Co wykazały nowe badania nocnego nieba?

Dane do badań pochodziły z obserwacji społecznościowych zebranych z całego świata w ramach Globe at Night. To program prowadzony przez NOIRLab, część amerykańskiej National Science Foundation (NSF). – Przy takim tempie zmian dziecko urodzone w miejscu, w którym widać dziś 250 gwiazd, mając 18 lat będzie w stanie zobaczyć tylko 100 gwiazd – mówi dr Christopher Kyba z Niemieckiego Centrum Badań Nauk o Ziemi, główny autor badań.

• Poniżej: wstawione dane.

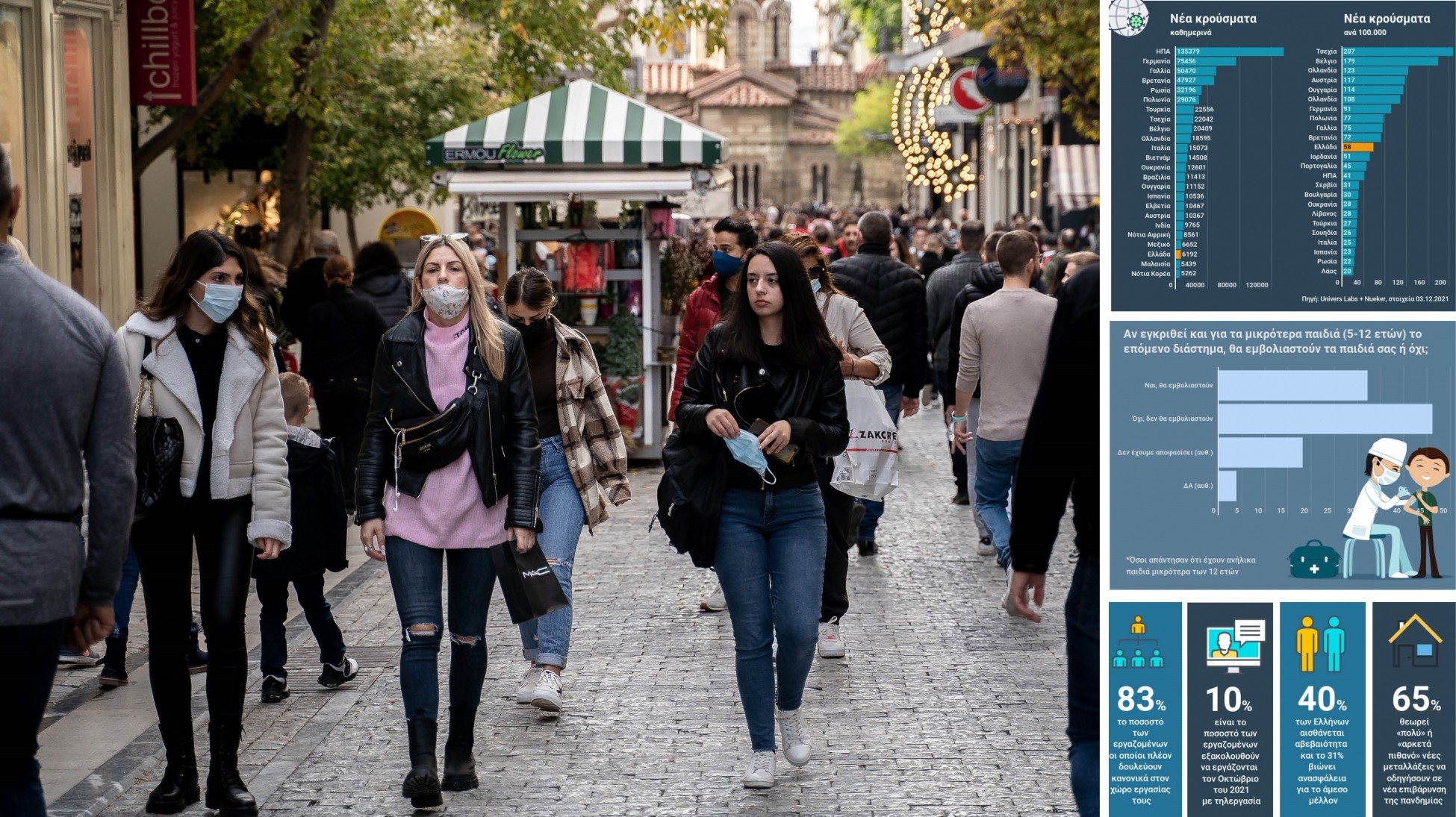 Από την έρευνα προκύπτει ότι το ποσοστό των εμβολιασμένων αυξάνεται ανάλογα με την ηλικία και με το μορφωτικό επίπεδο, ενώ χαμηλότερα του 65% ποσοστά εμβολιασμού εμφανίζουν μόνο οι αγρότες, οι άνεργοι, όσοι δηλώνουν επάγγελμα “οικιακά” και όσοι ζουν σε περιοχές με λιγότερους από 2.000 κατοίκους.

Globe at Night zbiera dane dotyczące widoczności gwiazd od 2006 roku. Każdy może przesłać swe obserwacje za pośrednictwem aplikacji na komputerze stacjonarnym lub smartfonie. Autorzy badań przeanalizowali ponad 50 tys. takich obserwacji z lat 2011–2022. Skoncentrowali się na danych z Europy i Ameryki Północnej.

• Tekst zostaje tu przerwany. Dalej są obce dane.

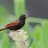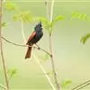 凤头鹀:属小型鸣禽,体重21-31克,体长134-175毫米。以头顶的细长羽冠为特征,雄鸟全身几乎均为黑色具蓝色光泽,两翅和尾以及尾上覆羽栗红色。雌鸟具短的褐色羽冠,上体暗橄榄褐色,…全部>>

Okazało się, że nocne niebo zwiększało swą jasność w tempie 9,6% rocznie w ciągu ostatniej dekady. To znacznie więcej, niż wynikało z pomiarów satelitarnych. Wskazywały one, że co roku niebo staje się jaśniejsze o tylko 2%. – To pokazuje, że istniejące satelity nie są wystarczające do badania takich zmian na Ziemi – komentuje dr Kyba.

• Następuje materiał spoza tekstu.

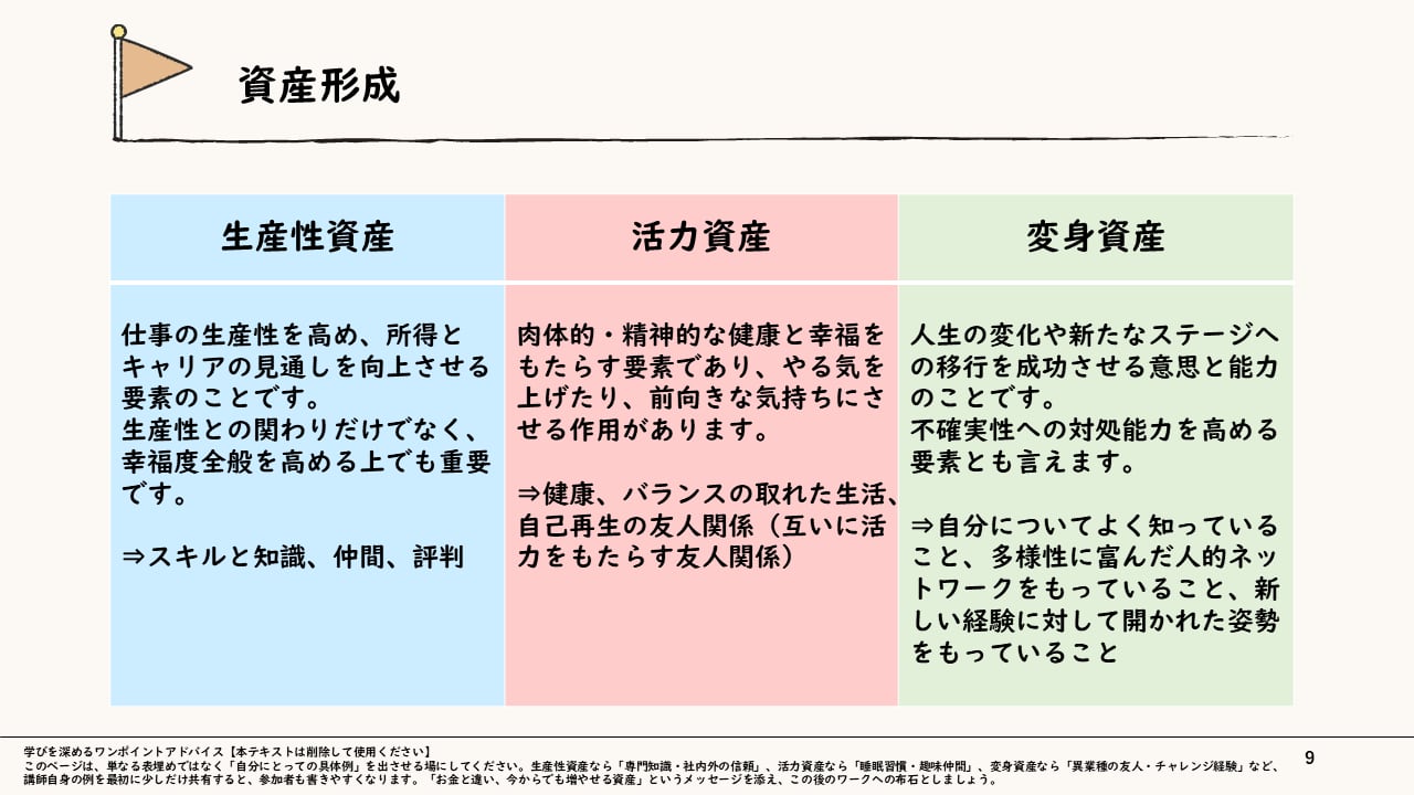 従来の「教育→仕事→引退」の3ステージ型人生と、教育・エクスプローラー・インディペンデント・プロデューサー・ポートフォリオ・ワーカーを行き来するマルチステージ型人生を対比しながら、長寿社会で求められる新しい人生設計のイメージを描きます。また、有形資産だけでなく、生産性資産・活力資産・変身資産といった無形資産の重要性を整理し、自身の現在地をセルフチェックするワークも用意しています。

Istniejące satelity nie są dobrze przystosowane do pomiaru poświaty nieba. Nie mają instrumentów rejestrujących światło o barwie niebieskiej. A właśnie takie światło emitują białe lampy LED, które coraz częściej zastępują żółtawe lampy sodowe, stosowane dawniej w latarniach. – Nasze oczy są bardziej wyczulone na niebieskawe światło, które sprawia, że postrzegamy niebo jako jaśniejsze. To może wyjaśniać różnice między naszymi wynikami a pomiarami satelitarnymi – wyjaśnia dr Kyba.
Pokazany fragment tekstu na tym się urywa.